Neural Networks

Training phases

In AI work, the training happens in three main stages.

​The first is Pre-training. This stage takes the raw data—the truly massive stuff (think petabytes or exabytes) that is basically the complete internet data. This data is fed through a large neural network, and we get a base model. This model is definitely intelligent—it knows language structure and general facts—but it’s not yet optimized for our specific problems.

​Next, this base model is Fine-Tuned. For this, we use known input data paired with the target output we want. The model makes a prediction, and the loss (the error) is calculated. We then minimize this loss, and the weights of the network are adjusted accordingly. This gives us a fine-tuned model that’s ready for specific, targeted tasks.

​Finally, the model goes through an Alignment phase, often using Reinforcement Learning from Human Feedback (RLHF). As part of RLHF, the model generates several different outputs for a single prompt. Then, a human labeler or a Reward Model (RM)—which acts like our internal “grader program”—ranks or scores these outputs based on how helpful and safe they are. This feedback is used to further train the model, making it perfectly aligned with the desired target behavior.

Role of Tokenizer and Embeddings

​The input text is converted into tokens using a tokenizer. These tokens are IDs found in the model’s vocabulary. Models use different strategies to convert text into tokens. These tokens are then mapped into the embeddings.

​For an input text, we’ll have multiple tokens. Each token is assigned a single embedding vector. So, the entire text gets converted into a large matrix—specifically, a sequence of embedding vectors. This matrix is then processed by the LLM neural network.

​The neural network processes this matrix and generates the embedding vector for the next token. This new embedding vector is converted back into a token ID, which corresponds to the new token text (our output).

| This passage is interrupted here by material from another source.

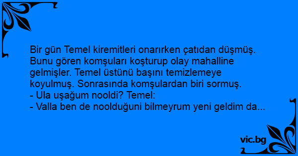 Bir gün Temel kiremitleri onarırken çatıdan düşmüş. Bunu gören komşuları koşturup olay mahalline gelmişler. Temel üstünü başını temizlemeye koyulmuş. Sonrasında komşulardan biri sormuş.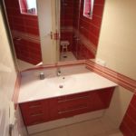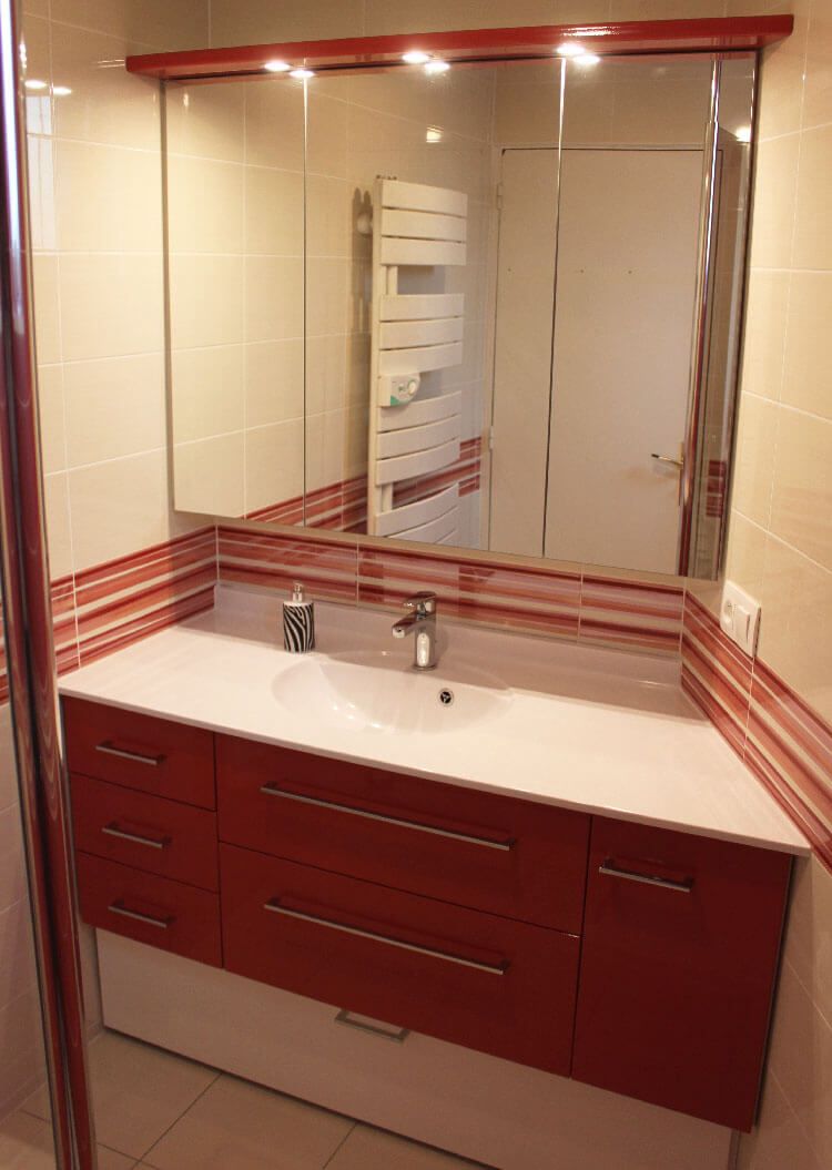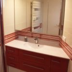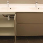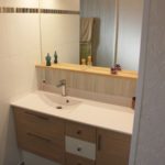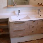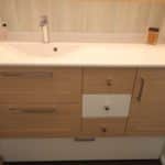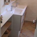 Pour facilité l’accès au meuble de salle de bains le passage est libéré par un plan de toilette plus étroit. Cela présente l’avantage de conserver un meuble installé entre murs.

​This new token is then added back to the input sequence, and the process repeats. The generation will continue, token by token, until the network generates a special STOP sequence token, at which point the process will stop.

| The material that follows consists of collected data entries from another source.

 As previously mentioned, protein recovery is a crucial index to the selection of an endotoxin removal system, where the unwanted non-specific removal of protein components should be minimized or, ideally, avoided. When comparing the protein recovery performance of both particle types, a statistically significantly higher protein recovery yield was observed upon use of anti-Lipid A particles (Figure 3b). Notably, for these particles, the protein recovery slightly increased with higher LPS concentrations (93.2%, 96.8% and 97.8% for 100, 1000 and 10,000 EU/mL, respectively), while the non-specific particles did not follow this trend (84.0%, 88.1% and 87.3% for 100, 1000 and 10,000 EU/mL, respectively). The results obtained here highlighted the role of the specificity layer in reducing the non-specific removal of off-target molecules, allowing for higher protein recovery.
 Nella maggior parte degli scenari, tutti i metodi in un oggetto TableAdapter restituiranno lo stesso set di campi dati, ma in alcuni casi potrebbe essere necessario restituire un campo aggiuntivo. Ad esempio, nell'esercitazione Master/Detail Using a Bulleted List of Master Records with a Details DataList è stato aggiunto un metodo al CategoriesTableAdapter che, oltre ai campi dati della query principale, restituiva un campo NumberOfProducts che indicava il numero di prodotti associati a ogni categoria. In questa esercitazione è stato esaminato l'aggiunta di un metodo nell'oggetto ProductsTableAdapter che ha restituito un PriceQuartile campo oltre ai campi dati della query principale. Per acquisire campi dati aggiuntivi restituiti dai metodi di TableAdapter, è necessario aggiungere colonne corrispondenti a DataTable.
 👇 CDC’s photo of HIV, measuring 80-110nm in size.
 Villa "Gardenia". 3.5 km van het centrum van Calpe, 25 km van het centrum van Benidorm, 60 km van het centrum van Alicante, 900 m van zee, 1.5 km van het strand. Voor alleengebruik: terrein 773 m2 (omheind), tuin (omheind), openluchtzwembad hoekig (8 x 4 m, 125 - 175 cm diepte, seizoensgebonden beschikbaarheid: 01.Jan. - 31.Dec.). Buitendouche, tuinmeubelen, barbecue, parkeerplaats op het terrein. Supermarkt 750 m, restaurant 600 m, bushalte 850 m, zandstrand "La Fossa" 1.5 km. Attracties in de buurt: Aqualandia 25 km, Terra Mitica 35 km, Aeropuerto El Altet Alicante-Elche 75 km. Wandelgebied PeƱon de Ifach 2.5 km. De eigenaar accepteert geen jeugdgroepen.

The Three Phases of AI Training

​There are three phases of training.

Phase 1: Pre-training

Pre-training generates an “internet document simulator”. This is like a lossy compression of the internet. This is just a “token tumbler”. Given a sequence of tokens, it tries to predict the next token.

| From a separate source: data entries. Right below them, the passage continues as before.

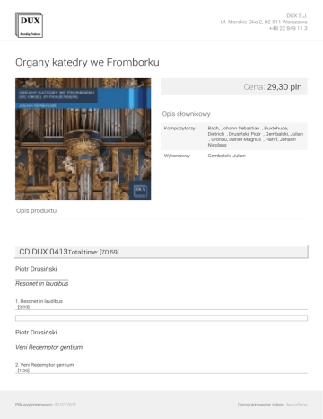 DUX S.J. Ul. Morskie Oko 2, 02-511 Warszawa +48 22 849 11 3 Organy katedry we Fromborku Cena: 29,30 pln Opis słownikowy Kompozytorzy Bach, Johann Sebastian ∎, Buxtehude, Dietrich ∎, Drusiński, Piotr ∎, Gembalski, Julian ∎, Gronau, Daniel Magnus ∎, Hanff, Johann Nicolaus ∎ Wykonawcy Gembalski, Julian ∎ Opis produktu CD DUX 0413Total time: [70:59] Piotr Drusiński Resonet in laudibus 1. Resonet in laudibus [2:03] Piotr Drusiński Veni Redemptor gentium 2. Veni Redemptor gentium [1:56] Plik wygenerowano: 02-03-2017 Oprogramowanie sklepu: AptusShop DUX S.J. Ul. Morskie Oko 2, 02-511 Warszawa +48 22 849 11 3 Dietrich Buxtehude Preludium i fuga in E 3. Praeludium et Fuga in e [8:21] Dietrich Buxtehude Es ist das Heil uns kommen her 4. „Es ist das Heil uns kommen her“ [2:40] Daniel Magnus Gronau Wariacje na temat Ein feste Burg 5. Wariacje na temat pieśni / Variations on a theme „Ein feste Burg“ Chorale in contrapunto doppio [6:11] 6. Variatio prima [1:41] 7. Variatio seconda [1:47] 8. Variatio terza [1:44] 9. Variatio quarta [2:36] Johann Nicolaus Hanff Auf meinen lieben Gott Plik wygenerowano: 02-03-2017 Oprogramowanie sklepu: AptusShop DUX S.J. Ul. Morskie Oko 2, 02-511 Warszawa +48 22 849 11 3 10. Johann Nicolaus Hanff (1665-1712) „Auf meinen lieben Gott“ [1:29] Johann Sebastian Bach Toccata E-dur BWV 566 11. Johann Sebastian Bach (1685-1750) Toccata E-dur / Toccata in E major BWV 566 [10:41] Julian Gembalski Improwizacja I: Fantazja romantyczna na temat pieśni „Z dawna Polski...“ 12. Improwizacja I: Fantazja romantyczna na temat pieśni „Z dawna Polski...“ Improvisation I: Romantic Fantasy on a theme „Queen of Poland for Ages Past“ [7:09] Julian Gembalski Suita improvisata Katedra XXXVI 13. Chorał / Chorale [5:37] 14. Witraże / Stained Glass [4:55] 15. Epitafium Kopernika / Copernicus’ Epitaph [3:36] 16. Modlitwa wieczorna / Evening Prayer [3:53] 17. Pieśń pochwalna / Song of Praise [4:37] Wykonawcy: Julian Gembalski /organy/ Plik wygenerowano: 02-03-2017 Powered by TCPDF (www.tcpdf.org) Oprogramowanie sklepu: AptusShop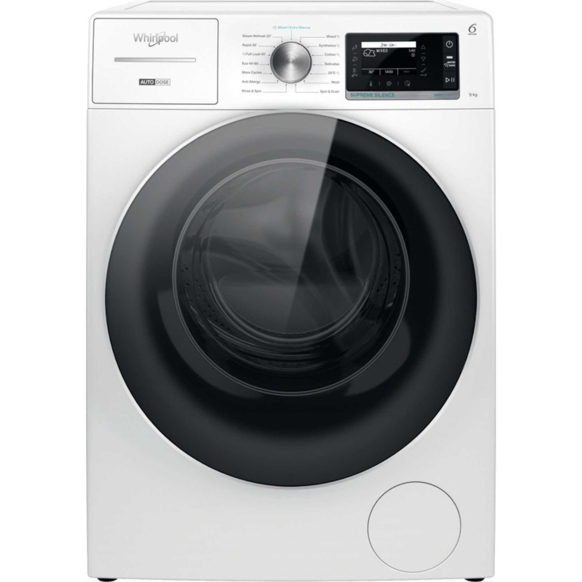 Upgrade your laundry routine with the Whirlpool W899ADSILENCEUK 9kg 1400rpm Washing Machine in White, featuring FreshCare+, AutoDose, and ZENTechnology for a superior cleaning performance and unmatched convenience.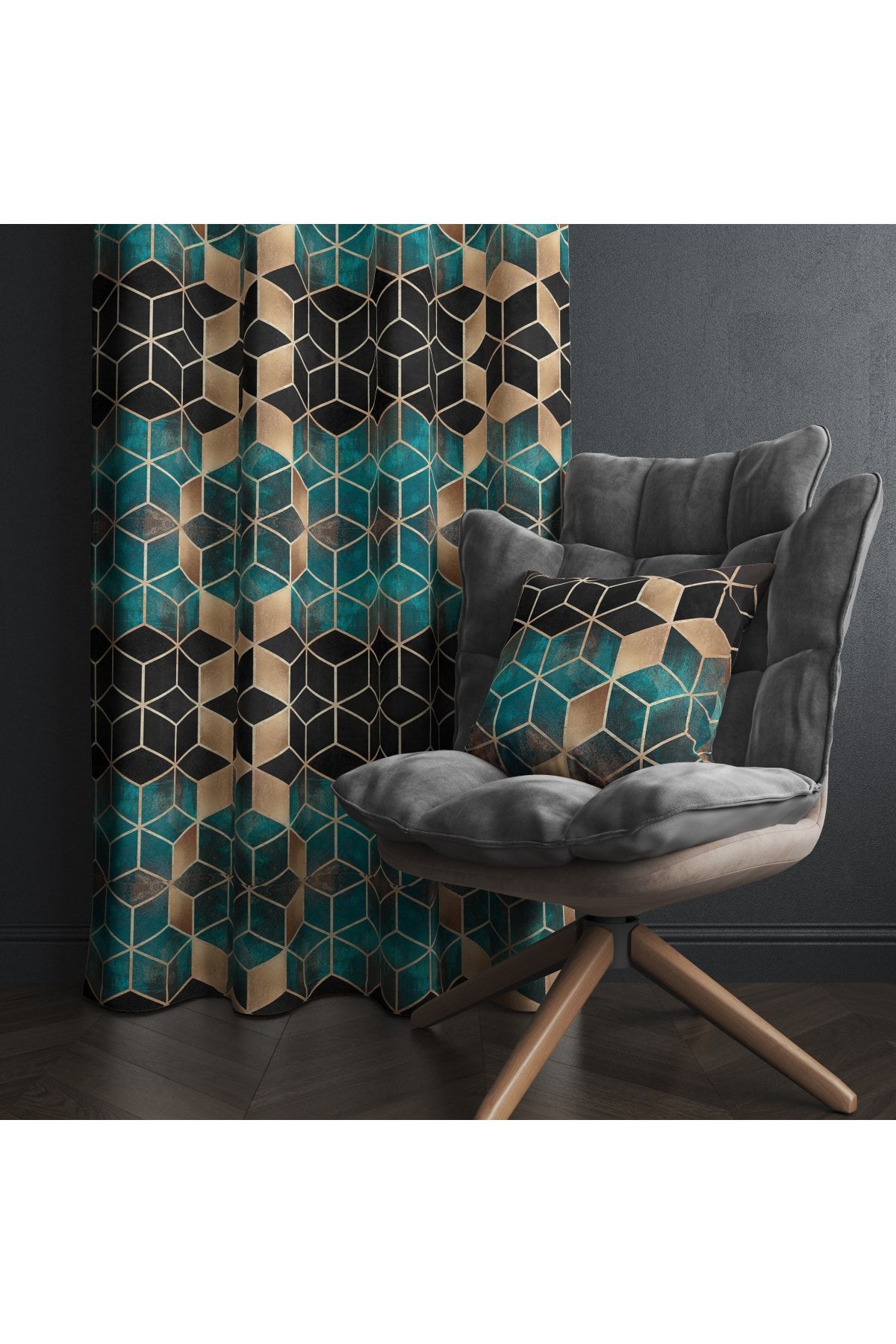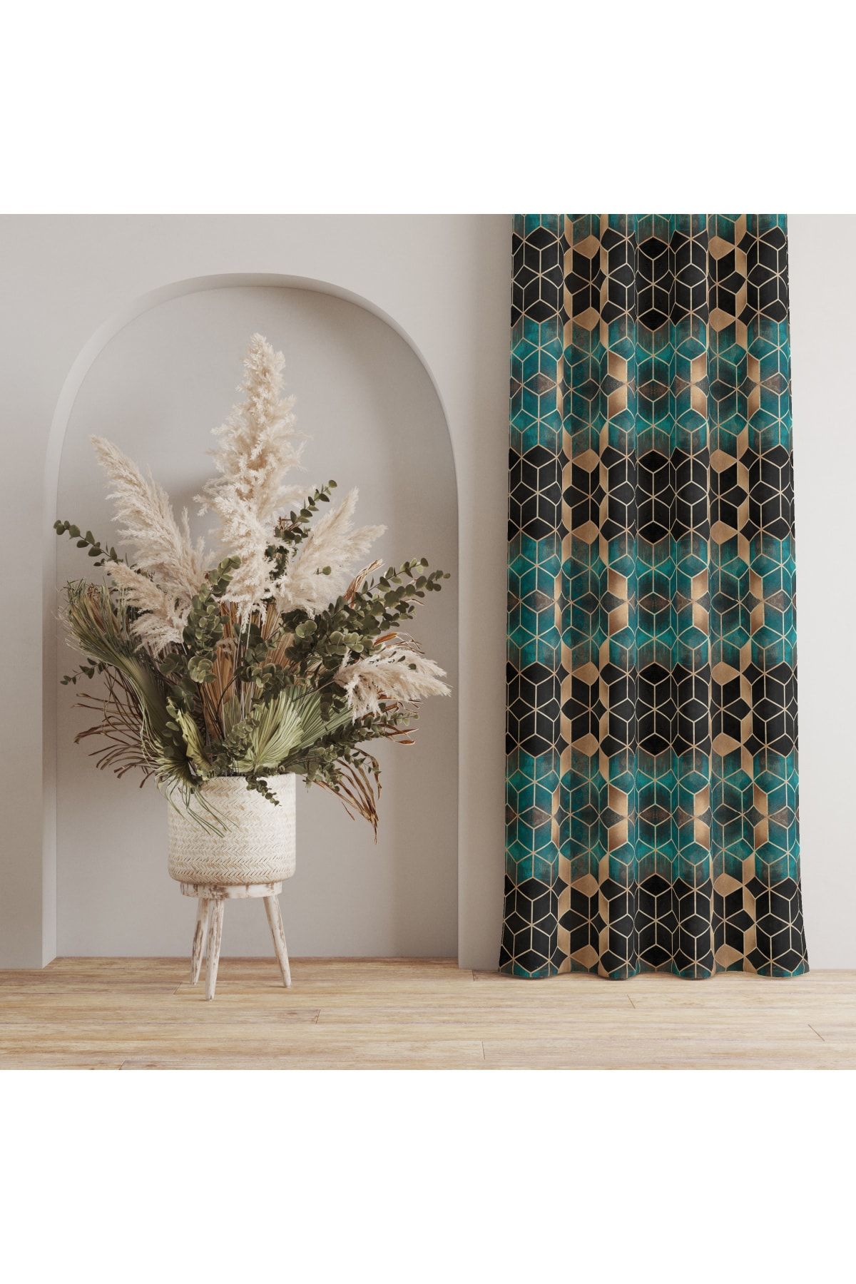 Zümrüt Yeşili Mozaik Desenli Dijital Baskılı Fon Perde Tek Kanat

Phase 2: Supervised Fine-Tuning

​But we need more than a token generator; we need an assistant. To adopt this assistant-like persona, there is a need to tweak the parameters. To do this, we need another set of training data in the form of conversations between a user and an assistant. We need many such questions and answers.

​Human labellers are hired by AI companies to produce these sets. The model is then further trained on these documents. This training is called Supervised Fine-Tuning. We can also use a few other models to generate these question-answer sets. Human labellers can then review and correct these documents.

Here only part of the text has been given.